Urlify () is a compact function that functions as shown in its name. If a string similar to a URL is encountered in the smart ASCII file, it will be converted to a true hot link to the same URL in the HTML output. Let's look at the role of Re.sub (). First, from the most important point of view, the purpose of the function is "to find a string that matches the value in the first pattern, and then replace the matching result with the third variable as the string to manipulate." Very well, from these points of view, it is no different from string.replace ().

The first pattern has several elements. First, note the parentheses: The top level consists of two pairs of parentheses: (\s) a complex string before. Parentheses match the "subexpression" of a possible component substitution pattern. The second subexpression (\s) only means "find a string that matches any space character, so let's go back and see what matches." So let's look at the first subexpression.

The Python rule expression has some of its own tricks. One of the tricks is the "operator" at the beginning of the subexpression. This means "find a matching string for a child pattern, but does not include a matching result in a reverse reference." So, let's check this subexpression:

((?: http|ftp|gopher|file)://(?: [^ \n\r<\)]+)).

First, notice that the subexpression itself consists of two subexpression, the character of which does not belong to either party. However, each subexpression starts with a?: to indicate that the two matches, but not to satisfy the referential purpose. The first "unreferenced" subexpression represents only "find strings similar to HTTP or FTP or other values." Next, we see the string://, which represents a string that looks exactly like it (simple?). ）。 Finally, we see the second subexpression, which has a plus sign in addition to the "no reference" operator, which consists of square brackets.

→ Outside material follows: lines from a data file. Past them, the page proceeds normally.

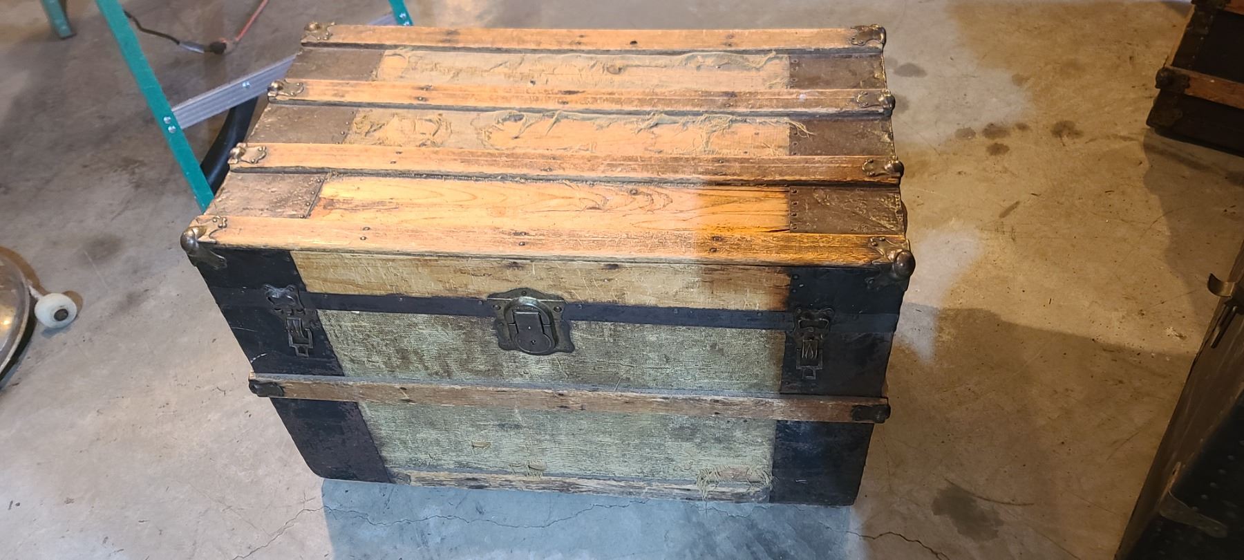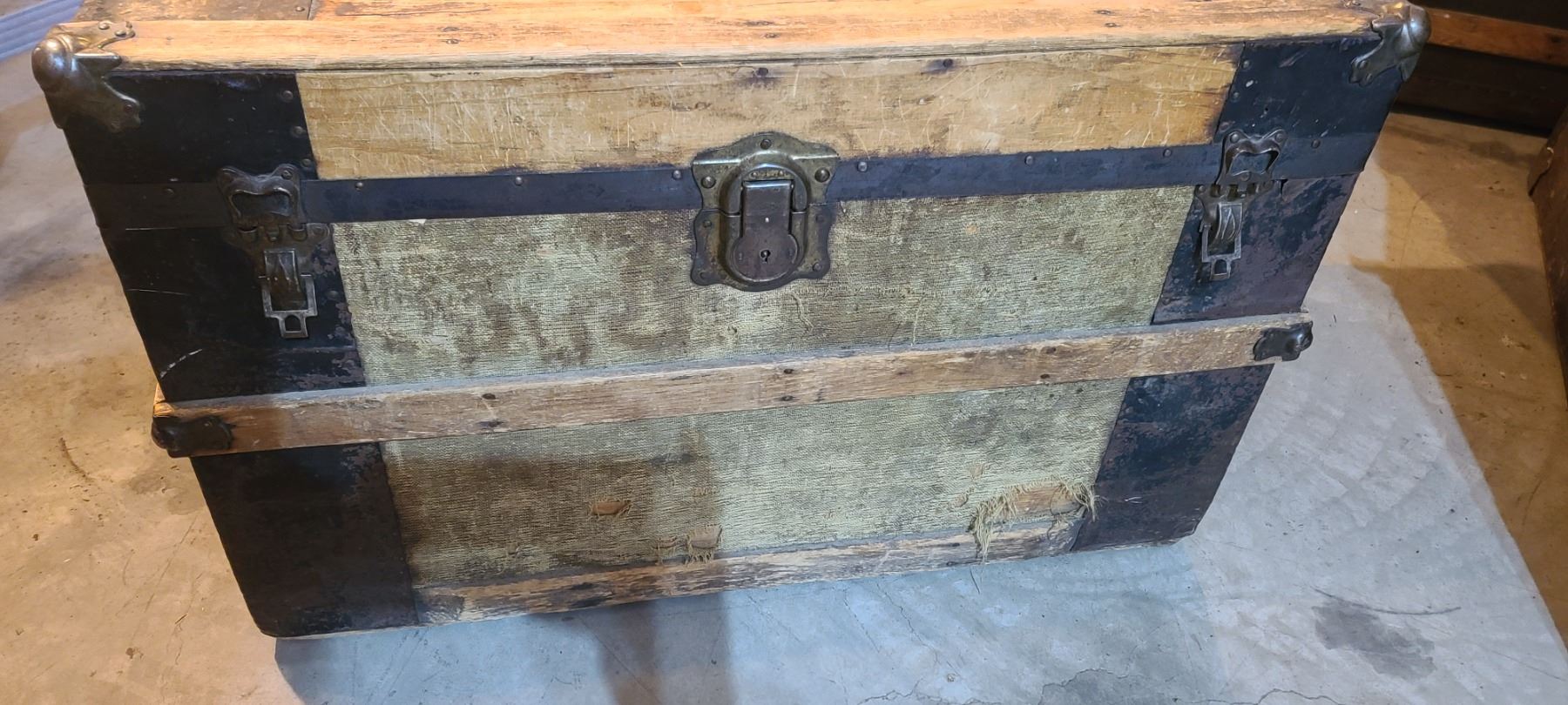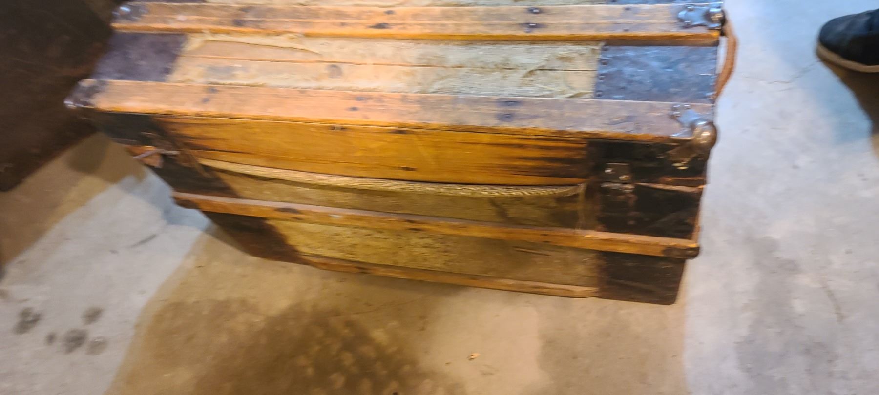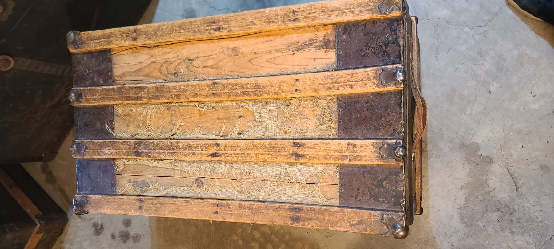 WOOD AND METAL STRAPPED STEAMER TRUNK 32 X18 21" COMES WITH X-MAS TREE LIGHTS
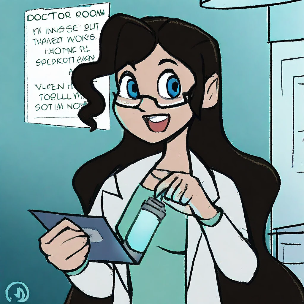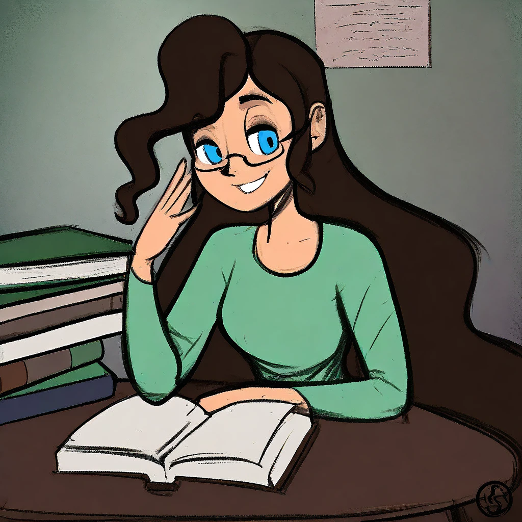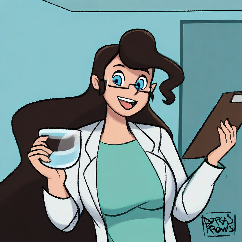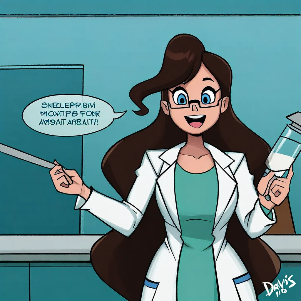 1girl, Dr davis, blue eyes, dark brown hair, very long hair, wavy hair, glasses, green dress, white lab coat, long sleeves, necklace, black shoes,
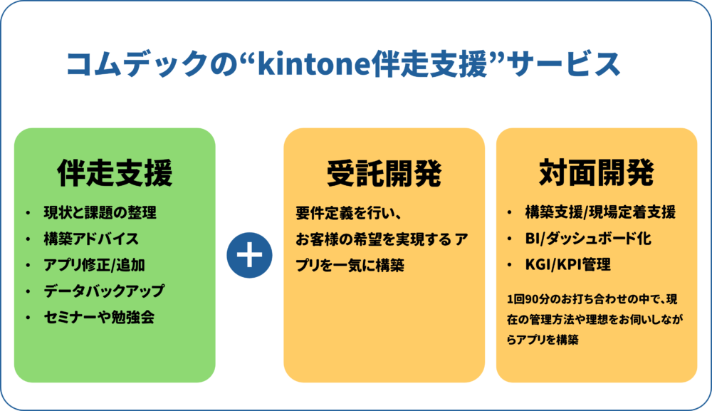kintone伴走支援サービスでは、「伴走支援」をベースとして、「受託開発」や「対面開発」を組み合わせていただくことで、スピード感をもって業務改善に取り組むことができます。
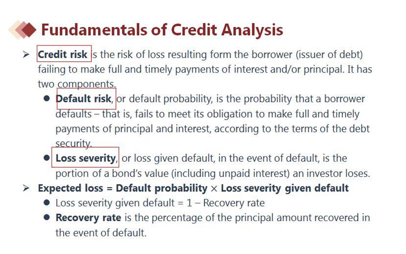 见下图讲义,一个是违约的可能性,一个是损失金额,加起来构成credit risk
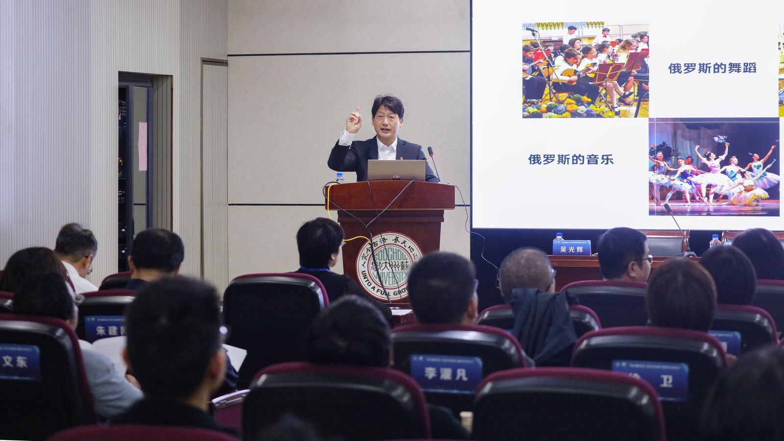 圆桌论坛顺利结束后,来自俄罗斯的两位院士--俄罗斯教育战略研究所古卡连科教授、莫斯科大学鲍利辛柯夫教授分别以《以时代的召唤:通过教育培养文化人》《文化生态环境与教育的任务》为题开启新的学术盛宴。
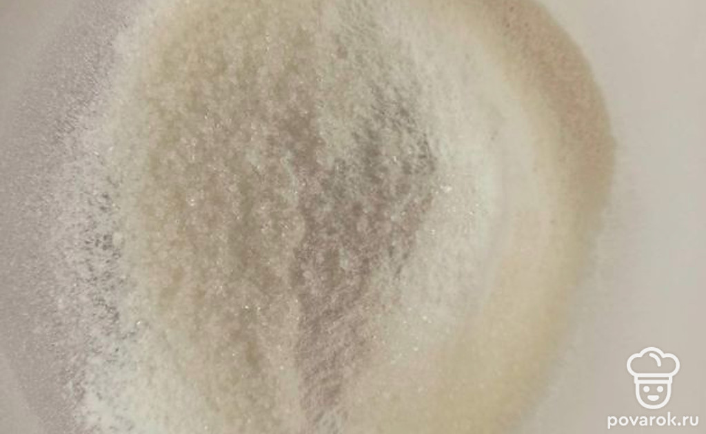 Муку просейте, добавьте 1,5 столовых ложки сахара и перемешайте.
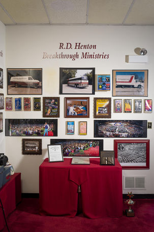 The memorial room is a dedicated library showcasing the life, legacy and ministry of the late Apostle R. D. Henton. The library takes you through the life of Apostle Henton from a young child until his passing. Here you will see photos, videos, handwritten messages, plaques and awards. Every aspect of this room was put together by Apostle Henton. He personally created this space as a remembrance of what God has done in his life. The room was private until the passing of Apostle Henton in October 2015. Once named the History room, is now named the Memorial Room.
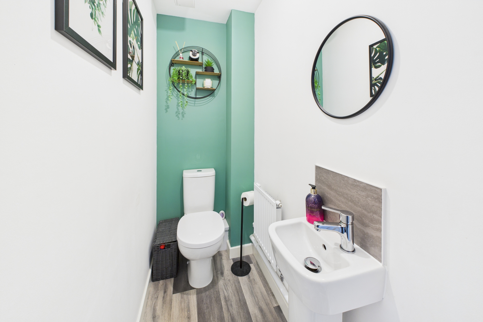 This convenient cloakroom offers a low-level push-button W.C and a pedestal wash hand basin with a mixer tap and tiled splashback. With wood-effect vinyl flooring, a radiator, and central lighting, it also benefits from an extractor fan.
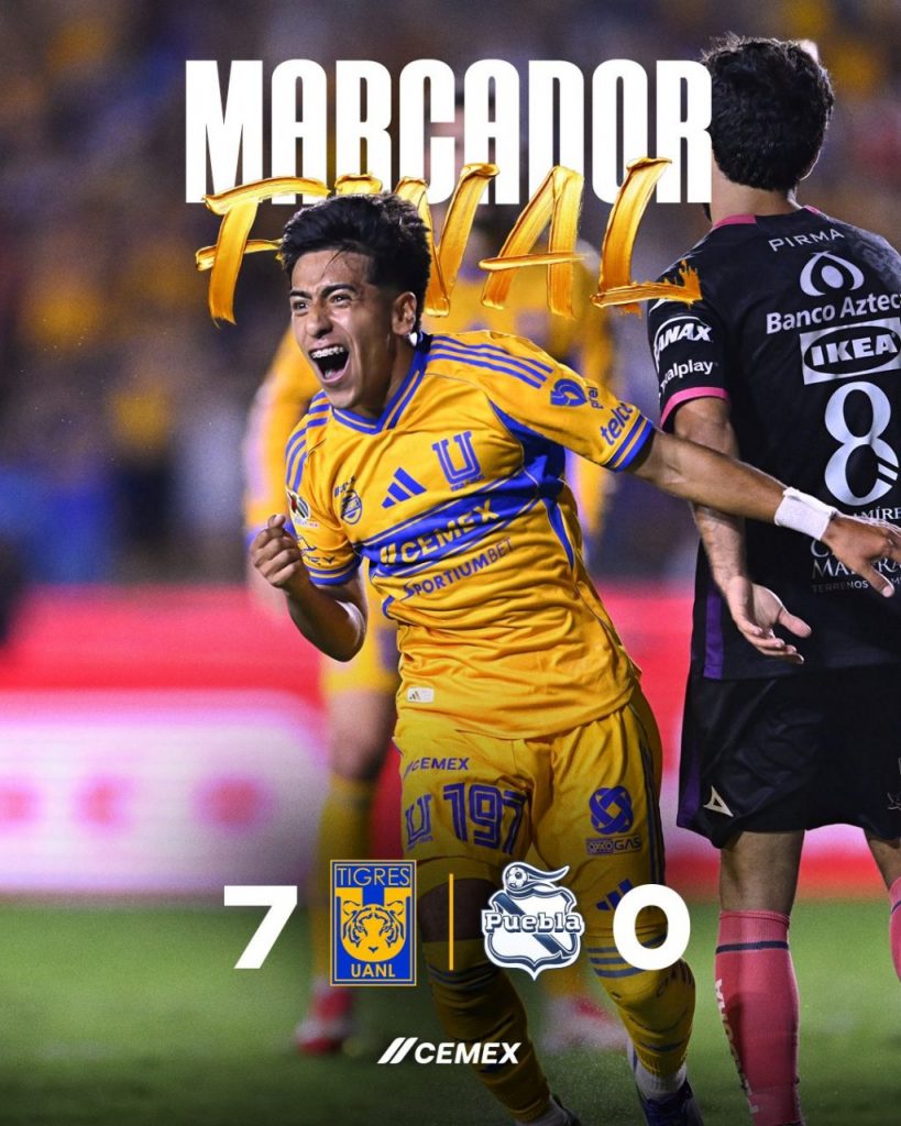 Tigres aplasta 7-0 al Puebla en noche de golazos

In a regular expression, brackets represent only "find matching characters for any character in square brackets." However, if the first character is an insertion mark (^), the meaning is the opposite, and it means "find any character that does not match the following character." Therefore, we are looking for characters that are not spaces, CR, LF, "<" or ")" (also note that you can avoid characters that have special meaning for regular expressions by adding "\" before the character). The plus sign at the end indicates "find one or more matches for the last string" (the asterisk indicates "0 or more" and the question mark means "0 or one").

There are a lot of things to understand about this rule expression, but if you look at it a few more times, you'll see that this is the format of the URL.

Then there is the replacement part. This is much simpler. What looks like \\1 and \\2 (or \\3, \\4, if needed) is the "reverse reference" just mentioned. The \\1 (or \\2) representation pattern matches the first (or second) subexpression of the matching expression. The remainder of the replacement part has no special meaning: just some characters that are easily recognized as HTML code. One thing that's more troublesome is matching \\2--it looks like a space character. Someone might ask, "What's The trouble?" Why not insert a space character directly? "Well asked, actually we don't need to do HTML operations." But from an aesthetic standpoint, it's a good idea to keep the HTML output as much as possible from the original text file before it was converted to HTML markup. In particular, let's leave line breaks as newline characters, and spaces are spaces (the TAB key is the TAB key).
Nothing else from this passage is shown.